Jenique Dalcourt homicide: Family waiting for justice
Father, brother of woman fatally beaten say they won't let killer 'slip through the cracks'
Jenique Dalcourt was on her way home from work late last Tuesday, but didn't want to bother her mother for a ride.
Instead, the 23-year-old headed back to her home in Longueuil, just south of Montreal, on foot, taking a dimly lit bike path.
Dalcourt never made it home that night. Police have released few details about what happened, but it's clear her final moments were horrific.
Her brutally beaten body was discovered on the bike path. She was later declared dead in hospital.
Her killer remains at large.
Today, her father and brother returned to the site where Dalcourt was found — a spot that is now covered in flowers and tributes. It's the place they said they feel connected to her.
"It brings up a lot of emotions," her brother, Nick Gandolfo, said.
"I don't know what to feel because we don't have anybody pointing us in the right direction as to who did this."
"All I know is this is where my sister's life was taken and we don't have anybody to point the finger at right now. It's hard when you don't have a face, a picture, a name."

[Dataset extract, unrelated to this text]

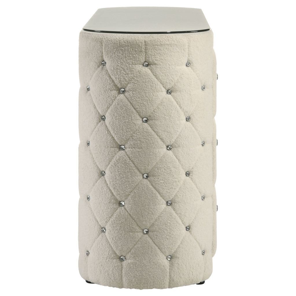 Soft texture meets luminous detail in this statement-making dresser. Wrapped in ivory boucle, the piece features vertical channeling across six spacious drawers, each adorned with crystal-inspired hardware for a hint of sparkle. Diamond tufting along the sides adds depth and dimension, while a clear tempered glass top provides a smooth surface without concealing the luxe upholstery. With its elegant form and functional storage, this dresser elevates everyday routines. Key Features: • Dresser features plush boucle upholstery in soft ivory with vertical channel-detailed drawers • Six drawers provide generous storage for bedroom essentials with easy-access organization • Crystal-style drawer pulls add a glamorous touch and a hint of sparkle • Diamond-tufted side panels bring visual depth and a couture-inspired accent • Clear tempered glass top protects the fabric while offering a durable, polished surface • Crafted from solid rubberwood, engineered wood, boucle fabric, and foam for longevity
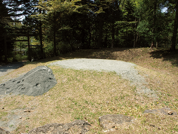 仙石(せんごく)バス停から国道135号線を御殿場方面へ進む。歩道が造られているのでそこを歩こう。しばらく行くと右に金時山へ向かう道があるが、ここは無視して直進する。15分ほど歩くと金時神社入口バス停に到着。ここを右へ入ると、公時(きんとき)神社の駐車場から境内に入る。金太郎伝説が残る神社で金太郎がクマと相撲を取ったと伝わる土俵があり、マサカリも祀られている。

On Saturday, Longueuil police arrested a 26-year-old man and had expected to lay charges Monday afternoon.
However, the man was later released at the request of the Crown prosecutor.
"The prosecutors felt that some elements were missing, notably the results of the forensic tests that we are still waiting on," Const. Tommy Lacroix told Radio-Canada Tuesday.
"It's possible that [forensic test results] will change the course of the investigation, but the investigation is not starting at zero this morning."
Confusion at the courthouse
Dalcourt's father and brother made the trip from their home in Long Island, N.Y., to make funeral arrangements and to be present in court when the suspect in custody was arraigned.
"We sat in court all day waiting for that arraignment," her father, John Gandolfo, told CBC News. "We didn't have a translator so we couldn't understand what was happening in the courtroom."
Nick Gandolfo said the experience was "excruciating."
"Every person who walked through that door we looked at as if he was the guy who viciously took away my sister."
It wasn't until 5:30 p.m. that the family was pulled aside by the police and the prosecutor who told them they didn't have enough evidence to lay a charge.
"I was very upset," John Gandolfo said. "I don't know what to think…We know nothing whatsoever about what happened — why it happened. Was it a random act of violence? We know nothing."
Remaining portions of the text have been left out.